Princess Elisabeth Marie of Bavaria (; 8 January 1874 – 4 March 1957) was a member of the Bavarian Royal House of Wittelsbach

Birth and family
Elisabeth was born in Munich, Bavaria, the first child of Prince Leopold of Bavaria and his wife, Archduchess Gisela of Austria, a daughter of Austrian Emperor Franz Joseph I and Empress Elisabeth of Austria. She had one younger sister, Princess Auguste Maria of Bavaria, and two younger brothers, Prince Georg and Prince Konrad of Bavaria.
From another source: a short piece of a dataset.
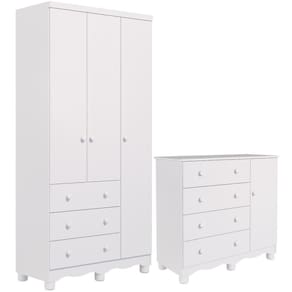 C - Qual a configuração do Guarda Roupa Infantil e Cômoda Infantil Junior da Móveis Peroba? É uma Cômoda infantil Junior com 4 gavetas e 1 porta. Guarda Roupa Infantil Junior com 3 gavetas e 3 portas.

She married, 2 November 1893, at Genoa, Italy, Otto Ludwig Philipp von Seefried auf Buttenheim, Freiherr zu Hagenbach (26 September 1870 in Bamberg – 5 September 1951 at Stiebar Palace in Gresten). Elisabeth and Otto eloped and married secretly, as they knew they would never be officially permitted to marry. Not only was Otto of much lower rank than Elisabeth, he was also a Protestant. In a letter announcing the marriage to his new parents-in-law, Otto stated that he and Elisabeth were so determined not to be parted that they had felt forced to choose between elopement and mutual suicide.

Elisabeth's father, and especially her paternal grandfather, Luitpold, Prince Regent of Bavaria, were incensed upon being presented with this fait accompli. It took years for Elisabeth's relationship with her father to recover; their reconciliation was mostly due to the efforts of her mother, Gisela, and maternal grandfather, Emperor Franz Joseph. Both of the latter gave the couple their blessing after the marriage was announced, and Franz Joseph presented them with a palace near Vienna. He also appointed Otto a lieutenant of the 1st Regiment of Infantry at Troppau and raised him to the rank of Count in 1904. At the time of the elopement, Franz Joseph had written to his wife that while he was not happy about the marriage, he felt that Elisabeth had shown courage and strength of character.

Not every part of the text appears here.